Museum of Contemporary Art Australia (MCA)
28 Jul 2009 to 31 Jan 2010
Benjamin Armstrong, Aleks Danko, Nicholas Folland, Christopher Hanrahan, Newell Harry, Moya McKenna, Danie Mellor, Nigel Milsom, David Lawrey & Jaki Middleton, Gemma Smith, Grant Stevens
New Acquisitions 2009 brought together art works acquired for the MCA Collection over the previous twelve months. Introducing contemporary Australian artists in the early stages of their careers, as well as more established practitioners, it presented works across diverse media by twelve artists from Sydney, Adelaide, Brisbane, Canberra, Melbourne and regional Victoria.
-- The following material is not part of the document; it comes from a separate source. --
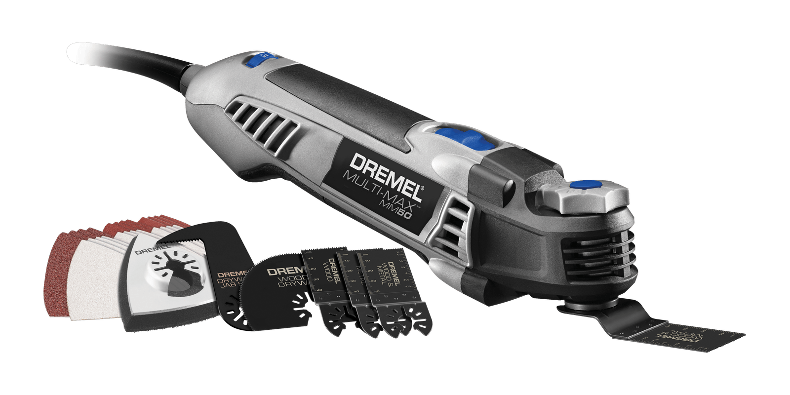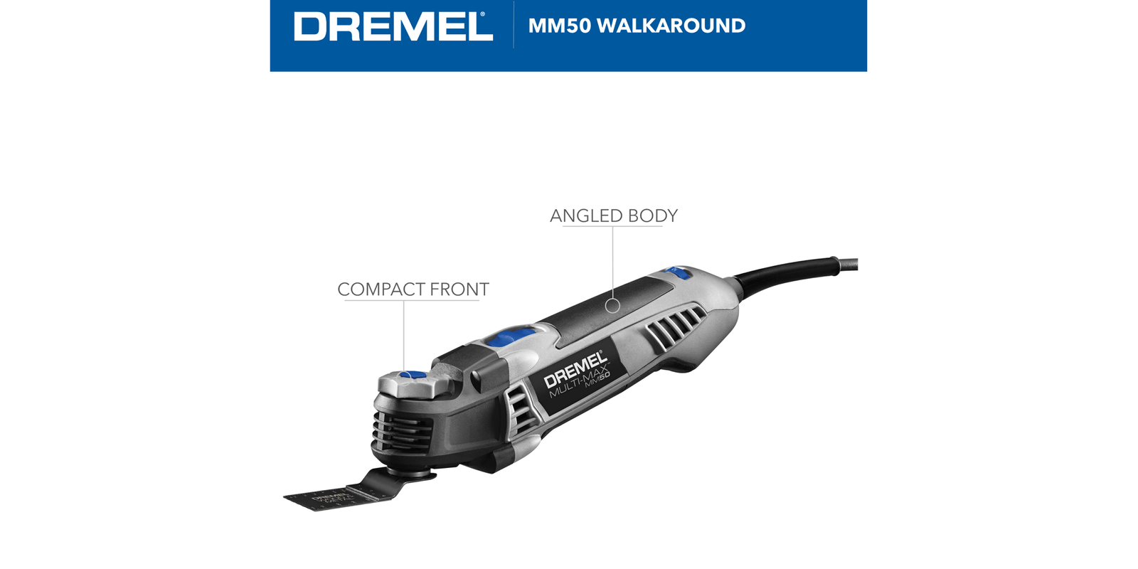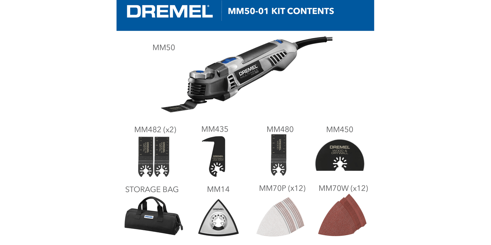 The Dremel MM50 has a robust design for low vibration operation giving you better control for precise and clean cutsThe front end is 30% more compact which allows you to get into tight hard-to-reach spaces where other won’t fitExclusive angled body design improves control when flush cutting and the powerful 5 amp motor gets the toughest jobs donePowerful 5.0 amp motor, highest in its class, delivers pro performance to get the toughest jobs done, such as cutting door jambs, trim, baseboards or any other related projectTool-less easy blade change system allows you to change accessories by simply twisting the knob, pushing it down and inserting accessoryVariable speed – from 10,000-21,000 OPM for optimal performance and control when working with various materialsThe kit includes one storage bag and a variety range of 30 accessories for cutting and sanding wood, drywall, metal and more

A number of artists featured in New Acquisitions 2009 had participated in exhibitions at the Museum previously, in particular within its annual Primavera exhibition for Australian artists aged thirty-five and under. Benjamin Armstrong, Moya McKenna, Gemma Smith and Danie Mellor were all former Primavera artists featured in this exhibition; and Aleks Danko had previously participated in the MCA’s bi-annual Focus series of exhibitions devoted to the work of more established Australian artists.
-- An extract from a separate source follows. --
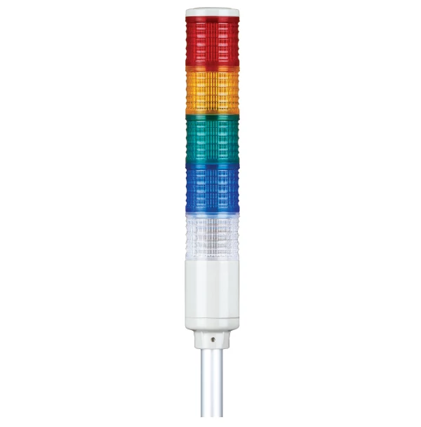 ST45L-BZ-5-24-RAGBW komplett tartóoszlopos jelzőtorony piros + n.sárga + zöld + kék + fehér + hangjelző Ø45mm

With its collection focus, New Acquisitions 2009 did not have an overarching curatorial theme. There was a surreal sensibility to Benjamin Armstrong’s organic forms in blown glass and on paper and to Moya McKenna’s dreamy painting of a studio interior infused with sunlight. Nicholas Folland’s installation of capsized chandeliers transformed domestic objects into something strange and beautiful, while Christopher Hanrahan’s ‘found’ sculpture revealed meaning through the use of light.
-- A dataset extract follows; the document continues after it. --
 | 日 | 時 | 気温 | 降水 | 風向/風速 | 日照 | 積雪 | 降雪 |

Light and mirrors were used by collaborative duo David Lawrey & Jaki Middleton to convince viewers they were seeing a small ‘ghost train’ looping through a hand-made diorama. Newell Harry also attached fairy lights around the edges of his work, which resembled a Polynesian tapa cloth with votive trinkets stitched to its surface and vessels clustered at its base. Language and text were present in a number of exhibited works, including Aleks Danko’s four editioned works (or ‘multiples’) with their word plays and exploration of meaning and nonsense. Grant Stevens’ video projection featured text fragments that floated across a clear blue sky like thought bubbles, or moments in a dream. Danie Mellor combined language and form in his sculptural diorama Native Gold. Referring through its title and neon signage to the purest grade of gold, it played on notions of authenticity and Aboriginal identity in Australia.
Painting is a key strength of the MCA Collection. This exhibition featured a large three-panel work by Nigel Milsom and two Adaptable sculptures by Gemma Smith, which ‘translated’ painting into three-dimensional form. They were inspired by the artist’s geometric paintings, which she broke down across a plywood surface and configured, by hand, into various sculptural forms.